- [Brief]:
Repeat all the records exactly, omitting pictures.

- [Task inputs]:
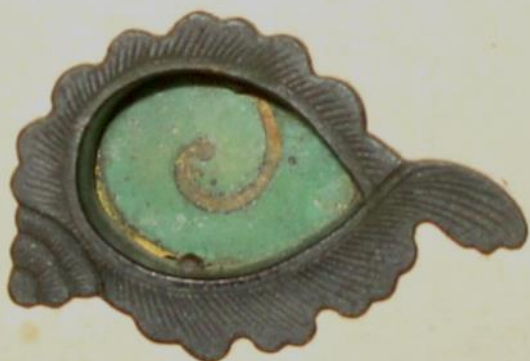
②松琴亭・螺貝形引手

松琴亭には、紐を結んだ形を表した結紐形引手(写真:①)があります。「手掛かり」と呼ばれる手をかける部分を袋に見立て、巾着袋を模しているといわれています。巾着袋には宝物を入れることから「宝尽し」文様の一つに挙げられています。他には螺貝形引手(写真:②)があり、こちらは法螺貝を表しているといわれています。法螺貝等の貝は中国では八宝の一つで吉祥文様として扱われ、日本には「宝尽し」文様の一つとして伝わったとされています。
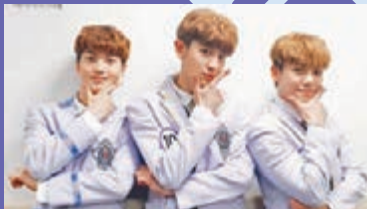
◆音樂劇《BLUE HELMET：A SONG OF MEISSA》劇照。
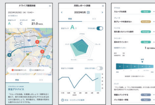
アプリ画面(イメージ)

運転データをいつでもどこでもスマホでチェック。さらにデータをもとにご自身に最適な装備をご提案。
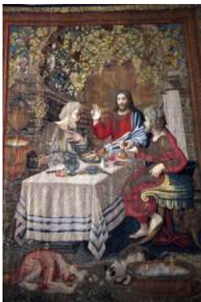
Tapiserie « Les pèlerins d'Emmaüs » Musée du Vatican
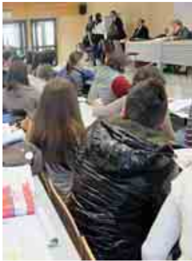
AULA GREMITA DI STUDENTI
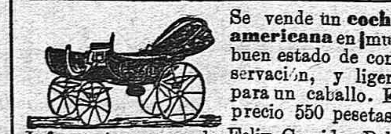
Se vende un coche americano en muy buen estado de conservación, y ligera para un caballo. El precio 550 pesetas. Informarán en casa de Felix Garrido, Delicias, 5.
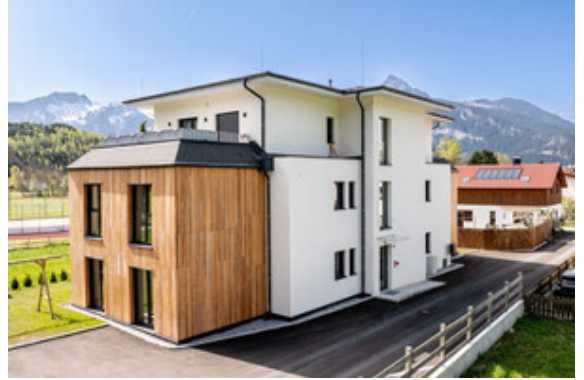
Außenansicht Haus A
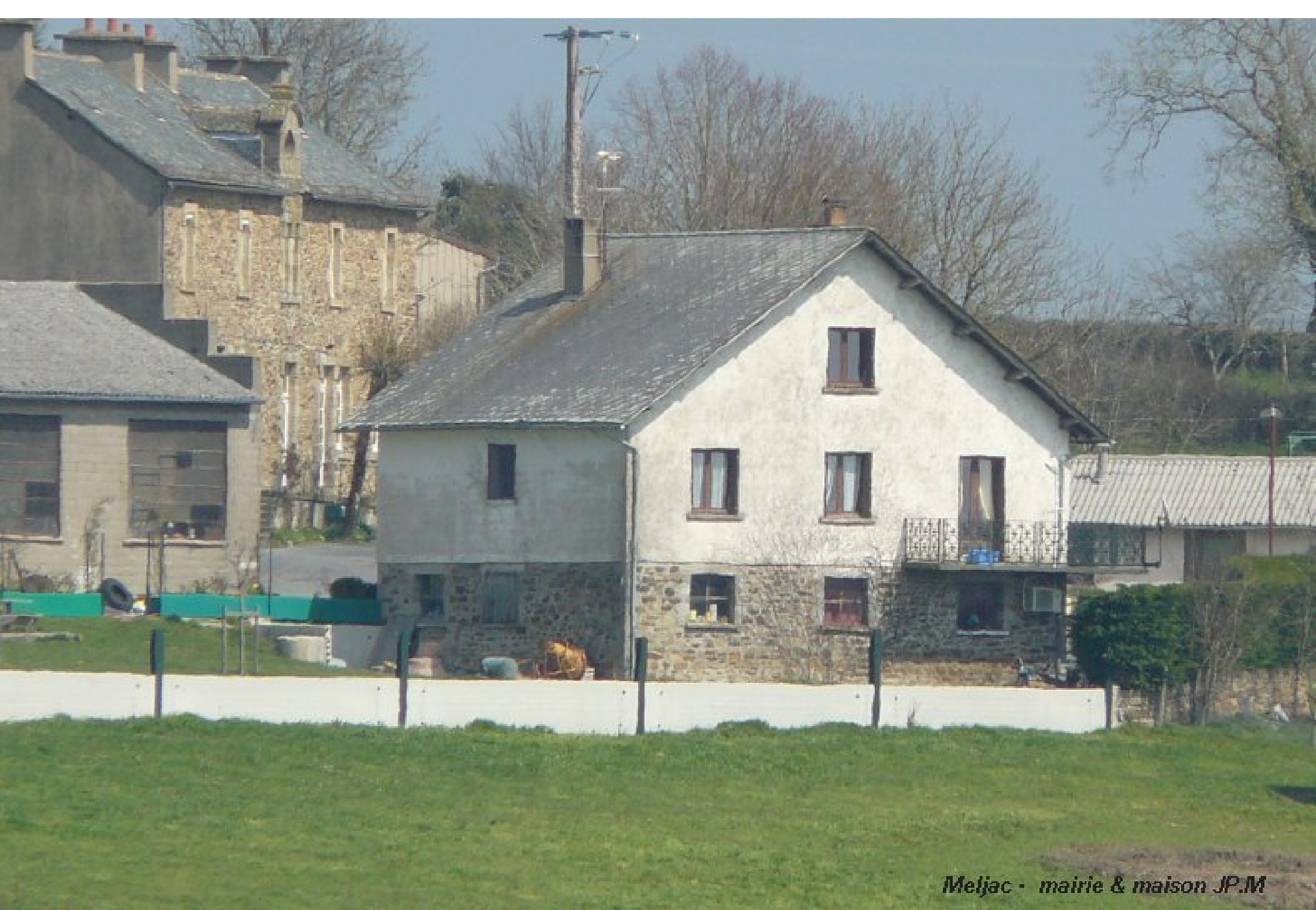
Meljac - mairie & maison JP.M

- [Exercise answer]:
②松琴亭・螺貝形引手

松琴亭には、紐を結んだ形を表した結紐形引手(写真:①)があります。「手掛かり」と呼ばれる手をかける部分を袋に見立て、巾着袋を模しているといわれています。巾着袋には宝物を入れることから「宝尽し」文様の一つに挙げられています。他には螺貝形引手(写真:②)があり、こちらは法螺貝を表しているといわれています。法螺貝等の貝は中国では八宝の一つで吉祥文様として扱われ、日本には「宝尽し」文様の一つとして伝わったとされています。
◆音樂劇《BLUE HELMET：A SONG OF MEISSA》劇照。
アプリ画面(イメージ)

運転データをいつでもどこでもスマホでチェック。さらにデータをもとにご自身に最適な装備をご提案。
Tapiserie « Les pèlerins d'Emmaüs » Musée du Vatican
AULA GREMITA DI STUDENTI
Se vende un coche americano en muy buen estado de conservación, y ligera para un caballo. El precio 550 pesetas. Informarán en casa de Felix Garrido, Delicias, 5.
Außenansicht Haus A
Meljac - mairie & maison JP.M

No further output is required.